Figure 1: Main results of the reported study.
figure 1

(a) PANAS scores before the game, in the half-time break, as well as in the immediate and delayed test. (b) Subjective recollection of the proportion that each team contributed to the game as a function of fandom. (c) Gaze coherence (NSS) across the first half-time for BVB fans (top)/FCB fans (bottom) calculated based on either the same fan group or opposing fan group as reference group. The figure shows the lowess smoother lines (smoother span: 0.001) of the raw NSS values in 40 ms steps. The overlap of both lines indicates that participants’ gaze was equally coherent with the same fan group and opposing fan group, thus indicating that fandom did not bias gaze behavior. (d) Participants’ performance and confidence ratings in the memory test. All error bars represent the standard error of the mean (SEM).

Table 1 Results of the PANAS subscales.

We expected fans’ retrospective judgments of the game to be biased towards their own team1,16. In the delayed test, we asked participants to indicate how much each team contributed to the game with regard to ball possession, tackles won, and scoring chances. Corroborating our hypothesis and replicating prior work1, FCB’s contribution to the game was rated higher by FCB fans as compared to BVB fans, t(49) = 2.89, p = 0.006, d = 0.83 (Fig. 1b).

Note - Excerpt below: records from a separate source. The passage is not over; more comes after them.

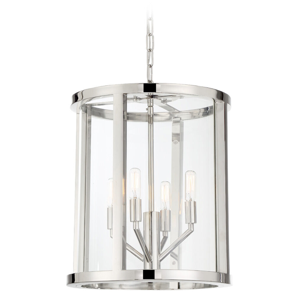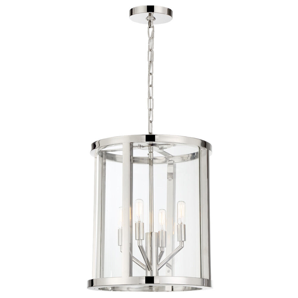 The Devon collection, designed by Libby Langdon, is a study in simple elegance with its clean lines and sleek polished nickel frame. With a variety of sizes, it can work in a myriad of different design styles. Circular at the top and bottom, its intersecting vertical frame sections showcase the fixture's height. The clear glass panels give the perfect peek at the inner angular arms, and the polished nickel finish of the candelabra arms give it a modern twist. Sometimes, a room's design requires a straightforward light fixture, but it can still be striking and become an integral part of the space. The Devon lighting collection offers a livable look that is chic, stylish and understated in just the right way.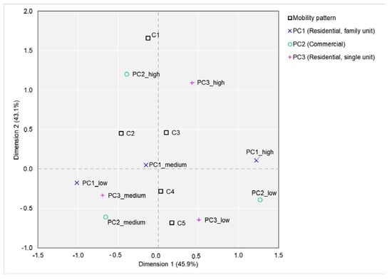 In order to further analyze the relationship between mobility patterns and environmental characteristics, a correspondence analysis is applied. We categorize each PC value into three, high, medium, and low, according to normalized values of the three components. The graph from the correspondence analysis, as shown in Figure 12, shows the relationship between the clusters identified by mobility patterns and local environmental characteristics. In the graph, trip patterns are represented by black rectangles, and socio-demographic variables are in various shapes. This shows that C1 is quite close to PC2-high, indicating that this area tends to be located in commercial areas. Both C2 and C3 are close to PC1-medium. But C3 is closer to PC3-high than the other clusters, indicating that C3 tends to have a residential function in single units such as one-person households. C5 is close to PC3-low, indicating that C5 has a family unit residential function. A visual inspection of the CA bi-plot revealed that the locations of trip patterns and local environmental variables show similarities between them.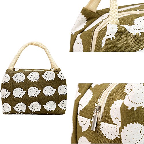 YYSHOW Insulated Cool Bag Cute Canvas Lunch Bags For Women, Kids, Girls (Hedgehog Print(zipper))

Turning to the prior processing stages, we first analyzed eye-movements. Eye-movements are not only influenced by stimulus’ characteristics12,17 but also by viewers’ tasks, goals, and attitudes18, with dynamic scenes being less influenced by the latter19. If fandom biases processes as early as eye gaze differences, we should find differing gaze patterns between fan groups. We recorded participants’ eye-movements during the game (due to technical problems N = 15 of originally N = 21 and only the first half-time entered the final analysis). We used the normalized scanpath saliency (NSS)20 to measure the coherence of each participant’s eye-movements within and across the two fan groups (Fig. 1c). The more similar (coherent) the gaze of a participant and group is, the higher the resulting values are. To analyze the data statistically, we subtracted the NSS value that was based on the opposing fan group as the reference group from the NSS value that was based on the same fan group as the reference group for each participant and time point. Thereafter, we aggregated these difference scores across time, giving us a mean difference score for each participant. If fan group membership reliably biases gaze behavior, this difference score should be above zero. However, a t-test revealed that those difference scores (M = −0.03, SD = 0.27) did not significantly differ from zero, t(14) = −0.46, p = 0.655, d = 0.12. This is further supported by the Bayes factor evidence for the null hypothesis, which amounted to 5.15 (conventionally classified as “substantial”)21 in a one-tailed Bayesian t-test comparing the difference scores against 0. Thus, we could show that gaze behavior was not biased by fandom.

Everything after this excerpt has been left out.